• Exercise directions: Only one stretch of the material below is wanted: everything from the line containing "WM-Final 1999. Brandi" down to the line containing "Hot dog num", both ends included. Repeat it exactly and skip the pictures.

• Data supplied:
--------

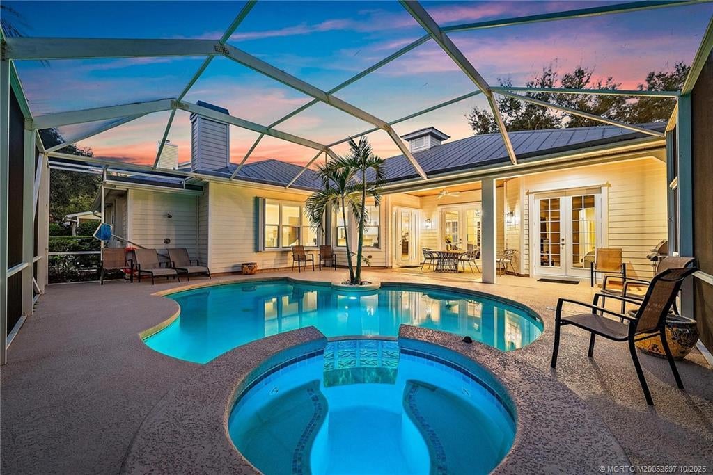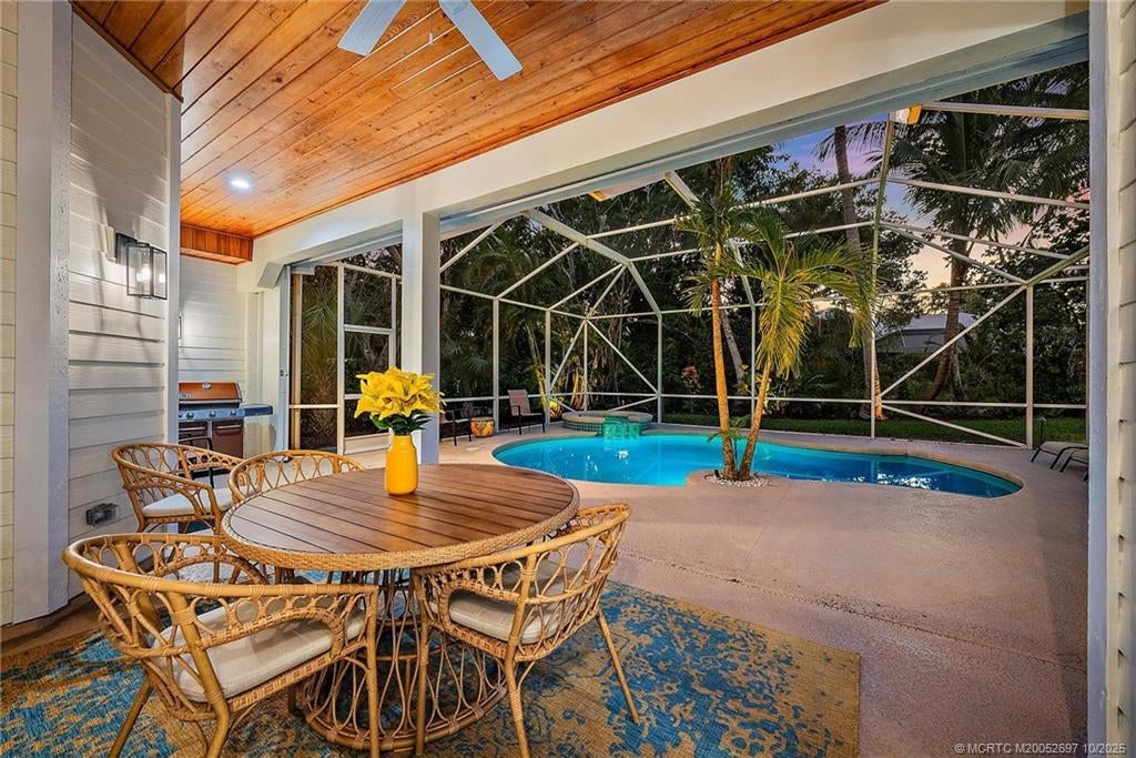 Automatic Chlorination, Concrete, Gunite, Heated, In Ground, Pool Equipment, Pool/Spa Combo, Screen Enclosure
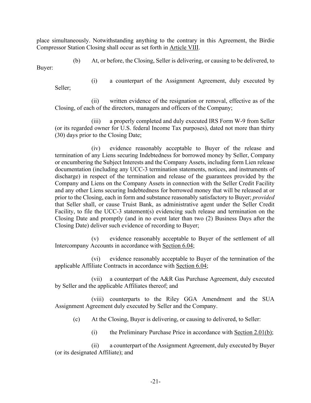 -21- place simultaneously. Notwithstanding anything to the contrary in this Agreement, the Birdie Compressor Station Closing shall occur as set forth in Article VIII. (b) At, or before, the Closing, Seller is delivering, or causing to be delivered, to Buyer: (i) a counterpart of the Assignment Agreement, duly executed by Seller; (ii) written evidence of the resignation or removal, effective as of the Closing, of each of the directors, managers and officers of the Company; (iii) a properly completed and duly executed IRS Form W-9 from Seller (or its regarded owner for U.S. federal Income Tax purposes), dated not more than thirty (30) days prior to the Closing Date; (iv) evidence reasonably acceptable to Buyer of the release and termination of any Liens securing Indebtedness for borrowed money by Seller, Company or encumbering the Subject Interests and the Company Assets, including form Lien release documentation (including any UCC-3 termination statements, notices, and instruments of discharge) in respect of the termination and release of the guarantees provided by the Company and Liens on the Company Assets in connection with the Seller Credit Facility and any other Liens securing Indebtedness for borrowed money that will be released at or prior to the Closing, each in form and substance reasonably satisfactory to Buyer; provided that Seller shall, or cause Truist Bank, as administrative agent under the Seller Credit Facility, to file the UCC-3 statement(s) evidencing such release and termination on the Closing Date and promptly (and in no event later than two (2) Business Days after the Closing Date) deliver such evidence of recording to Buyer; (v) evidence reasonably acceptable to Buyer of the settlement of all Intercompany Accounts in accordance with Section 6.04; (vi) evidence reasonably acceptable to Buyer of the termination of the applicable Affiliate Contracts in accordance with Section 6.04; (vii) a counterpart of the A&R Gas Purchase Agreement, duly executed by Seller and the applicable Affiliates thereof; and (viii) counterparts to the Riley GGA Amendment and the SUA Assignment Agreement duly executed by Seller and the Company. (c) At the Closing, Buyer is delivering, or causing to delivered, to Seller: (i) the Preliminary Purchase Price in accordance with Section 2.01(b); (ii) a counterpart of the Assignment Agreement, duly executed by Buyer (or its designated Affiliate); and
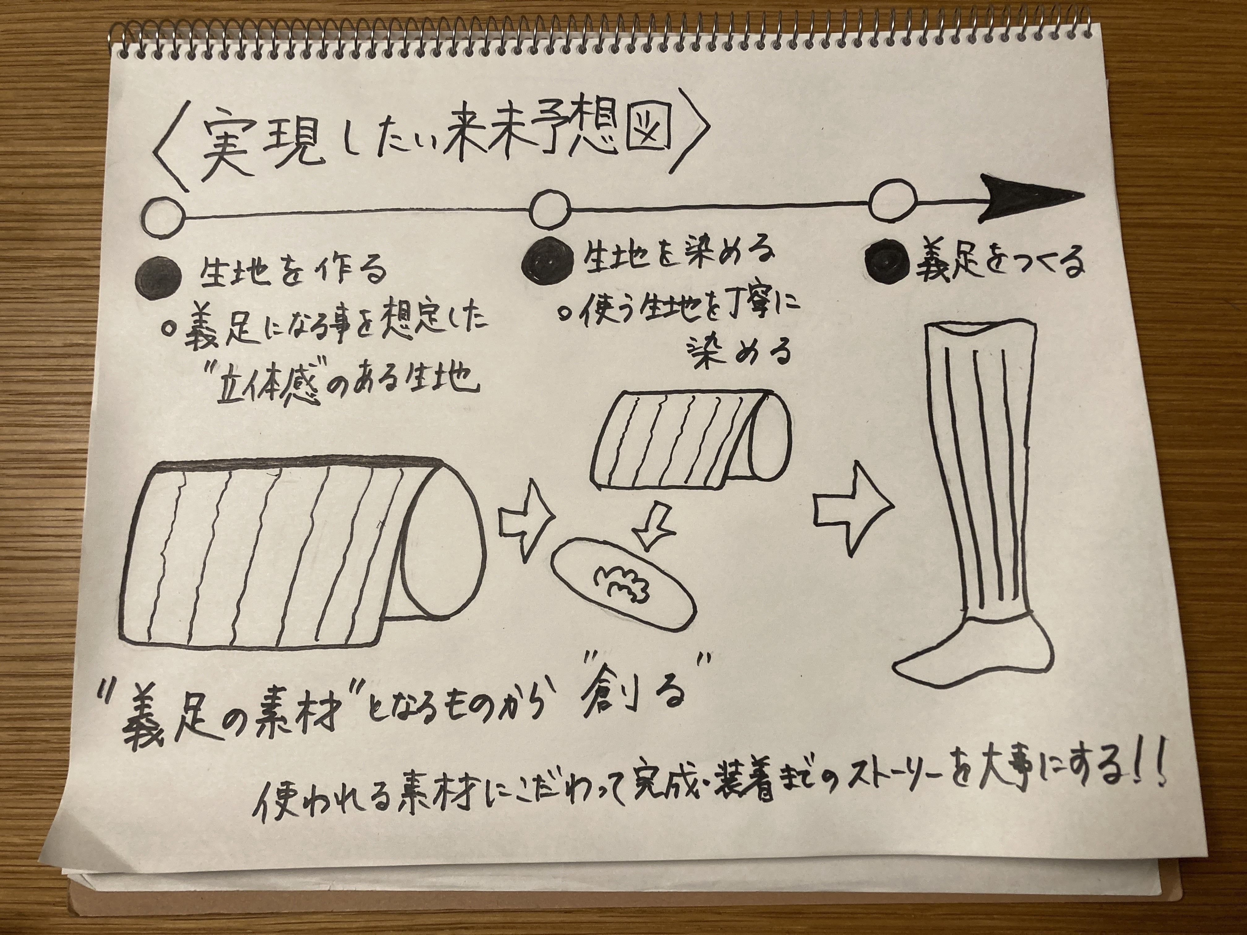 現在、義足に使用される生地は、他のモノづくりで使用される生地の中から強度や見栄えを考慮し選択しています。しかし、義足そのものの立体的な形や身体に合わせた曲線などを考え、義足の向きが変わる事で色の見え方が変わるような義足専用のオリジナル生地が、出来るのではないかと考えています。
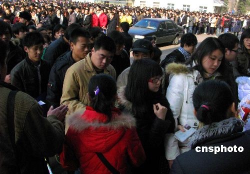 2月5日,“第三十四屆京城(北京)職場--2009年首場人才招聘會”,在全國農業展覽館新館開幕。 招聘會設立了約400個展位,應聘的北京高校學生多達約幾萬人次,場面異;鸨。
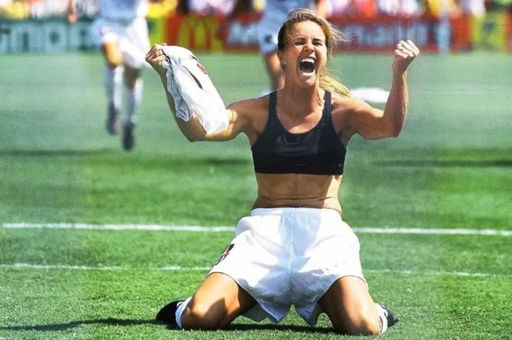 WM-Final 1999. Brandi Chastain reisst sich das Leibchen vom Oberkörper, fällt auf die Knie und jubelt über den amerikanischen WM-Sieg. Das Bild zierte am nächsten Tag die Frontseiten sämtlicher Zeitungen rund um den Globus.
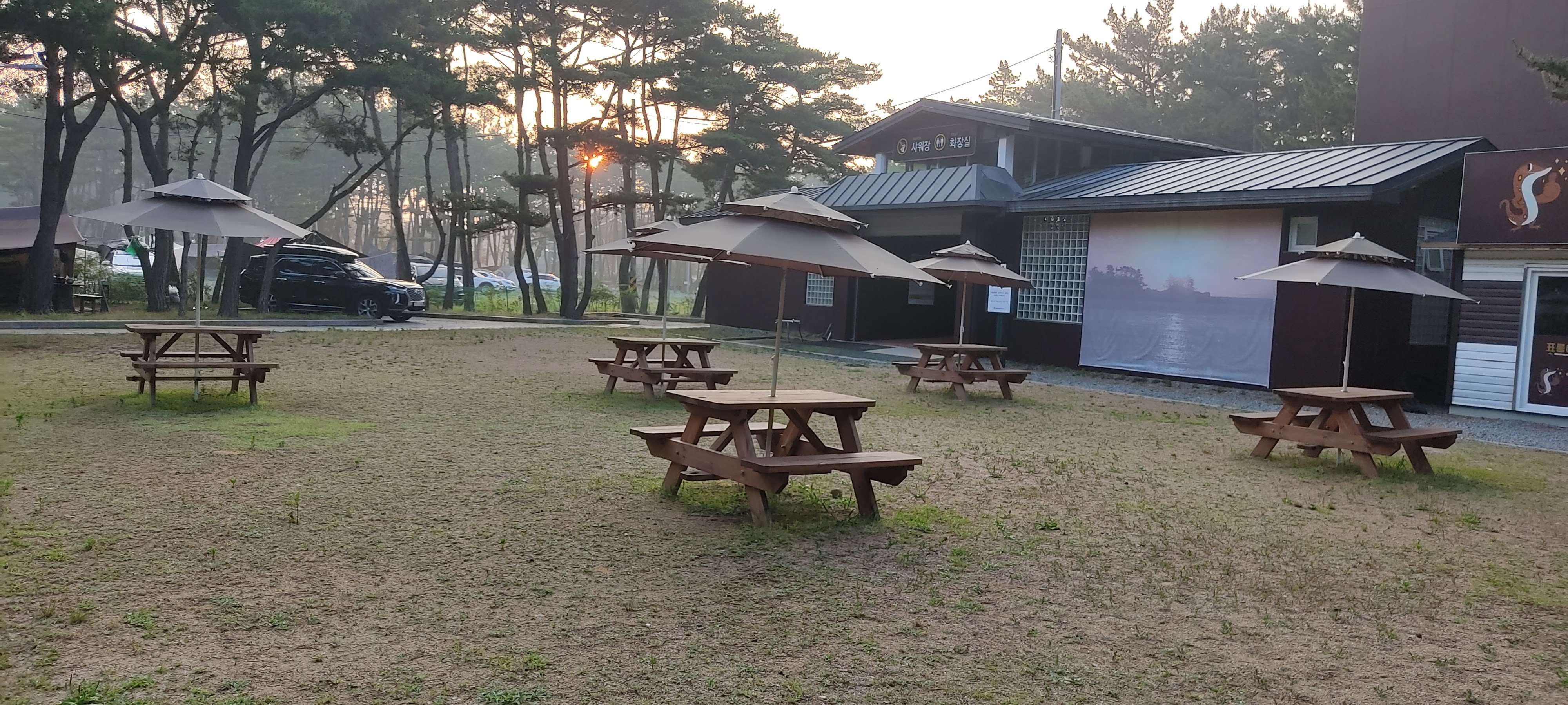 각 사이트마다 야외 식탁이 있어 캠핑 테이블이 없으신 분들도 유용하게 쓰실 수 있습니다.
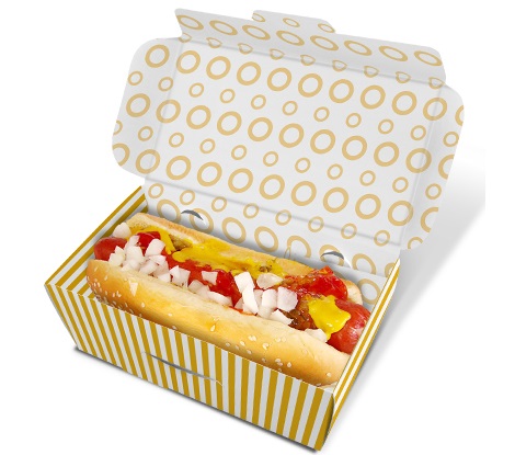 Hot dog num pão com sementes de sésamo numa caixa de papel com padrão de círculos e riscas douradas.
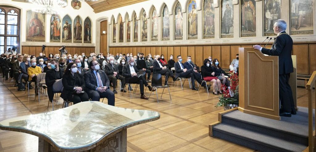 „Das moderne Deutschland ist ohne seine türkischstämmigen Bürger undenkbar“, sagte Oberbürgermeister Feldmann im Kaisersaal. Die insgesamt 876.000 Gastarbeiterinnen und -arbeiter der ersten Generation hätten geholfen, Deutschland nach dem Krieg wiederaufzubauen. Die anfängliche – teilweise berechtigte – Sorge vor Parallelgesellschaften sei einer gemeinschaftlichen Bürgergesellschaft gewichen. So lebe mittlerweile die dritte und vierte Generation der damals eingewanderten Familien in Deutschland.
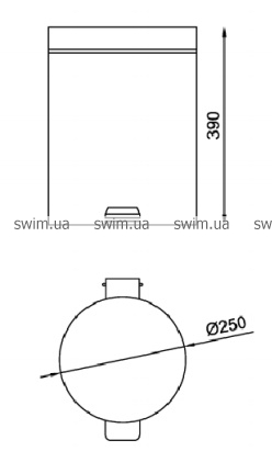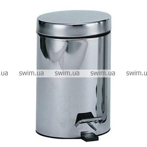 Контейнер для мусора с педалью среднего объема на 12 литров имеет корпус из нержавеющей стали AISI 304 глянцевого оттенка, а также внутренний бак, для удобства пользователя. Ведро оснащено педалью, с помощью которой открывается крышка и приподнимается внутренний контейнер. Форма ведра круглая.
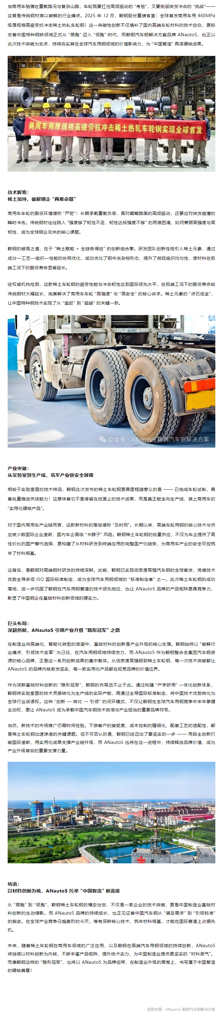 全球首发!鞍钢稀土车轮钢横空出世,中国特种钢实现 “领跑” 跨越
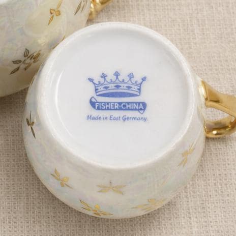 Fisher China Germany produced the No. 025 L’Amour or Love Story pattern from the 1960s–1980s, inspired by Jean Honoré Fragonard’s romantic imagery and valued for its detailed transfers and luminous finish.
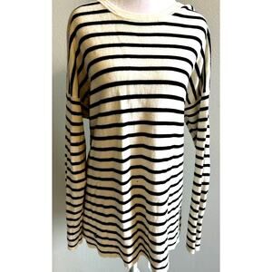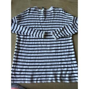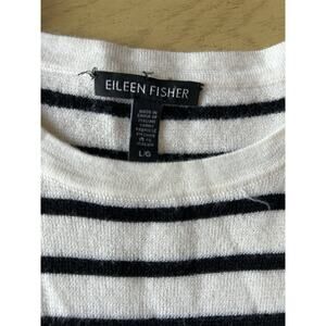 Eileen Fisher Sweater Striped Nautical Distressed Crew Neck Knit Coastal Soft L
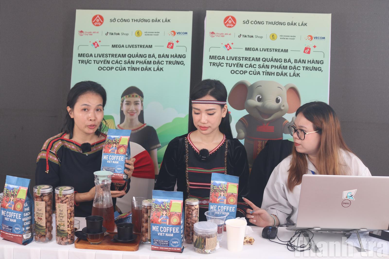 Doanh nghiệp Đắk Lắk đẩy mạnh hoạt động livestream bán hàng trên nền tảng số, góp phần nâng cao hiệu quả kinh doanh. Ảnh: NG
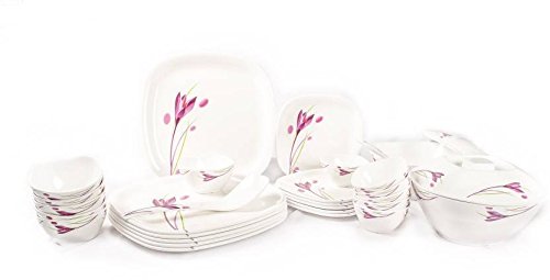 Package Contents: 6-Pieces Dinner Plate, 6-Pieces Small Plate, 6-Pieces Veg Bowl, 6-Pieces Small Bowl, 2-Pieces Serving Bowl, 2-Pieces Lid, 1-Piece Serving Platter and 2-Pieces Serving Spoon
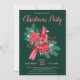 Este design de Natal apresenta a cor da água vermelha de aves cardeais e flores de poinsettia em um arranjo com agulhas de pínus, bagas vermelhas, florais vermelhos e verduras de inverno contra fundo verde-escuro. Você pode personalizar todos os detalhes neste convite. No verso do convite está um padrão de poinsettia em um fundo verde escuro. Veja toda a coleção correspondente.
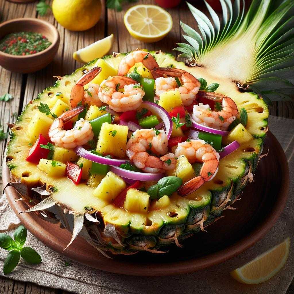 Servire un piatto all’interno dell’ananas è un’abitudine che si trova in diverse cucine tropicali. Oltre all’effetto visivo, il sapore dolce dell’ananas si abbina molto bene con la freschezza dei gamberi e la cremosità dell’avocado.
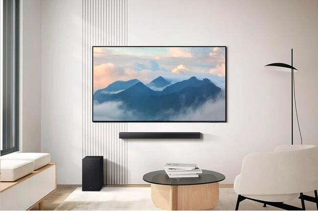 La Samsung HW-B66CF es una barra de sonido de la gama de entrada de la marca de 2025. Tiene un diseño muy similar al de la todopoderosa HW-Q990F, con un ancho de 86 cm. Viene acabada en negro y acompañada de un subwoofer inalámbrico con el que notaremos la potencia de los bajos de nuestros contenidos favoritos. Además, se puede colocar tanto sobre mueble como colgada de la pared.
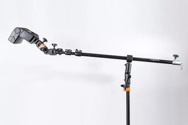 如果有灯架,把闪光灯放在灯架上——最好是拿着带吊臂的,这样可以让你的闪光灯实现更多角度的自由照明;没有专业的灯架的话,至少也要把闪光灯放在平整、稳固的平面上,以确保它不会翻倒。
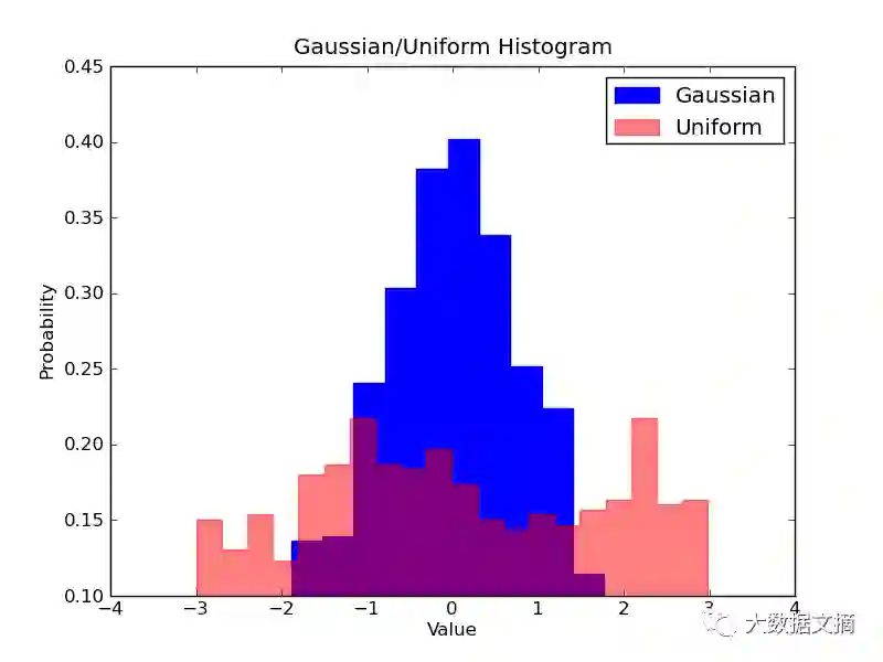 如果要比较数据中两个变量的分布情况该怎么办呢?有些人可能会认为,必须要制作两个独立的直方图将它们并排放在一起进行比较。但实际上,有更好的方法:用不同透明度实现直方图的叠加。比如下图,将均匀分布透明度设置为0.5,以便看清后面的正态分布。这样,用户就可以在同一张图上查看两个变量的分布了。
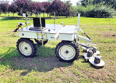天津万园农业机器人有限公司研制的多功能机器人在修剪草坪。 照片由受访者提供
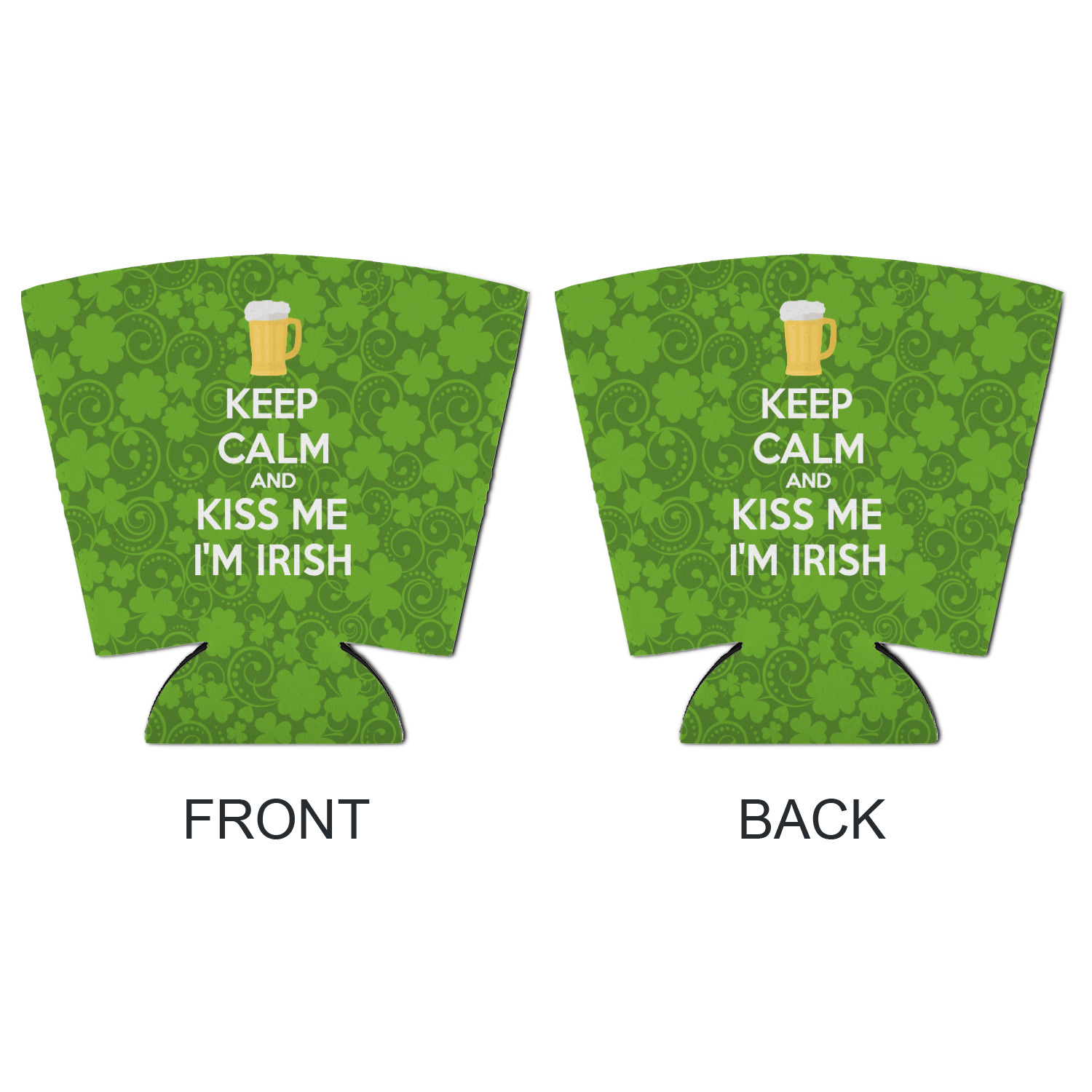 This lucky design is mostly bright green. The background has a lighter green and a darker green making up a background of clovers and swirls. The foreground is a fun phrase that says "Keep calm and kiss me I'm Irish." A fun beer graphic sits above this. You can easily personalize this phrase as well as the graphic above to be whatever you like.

--------

• Reply:
 WM-Final 1999. Brandi Chastain reisst sich das Leibchen vom Oberkörper, fällt auf die Knie und jubelt über den amerikanischen WM-Sieg. Das Bild zierte am nächsten Tag die Frontseiten sämtlicher Zeitungen rund um den Globus.
 각 사이트마다 야외 식탁이 있어 캠핑 테이블이 없으신 분들도 유용하게 쓰실 수 있습니다.
 Hot dog num pão com sementes de sésamo numa caixa de papel com padrão de círculos e riscas douradas.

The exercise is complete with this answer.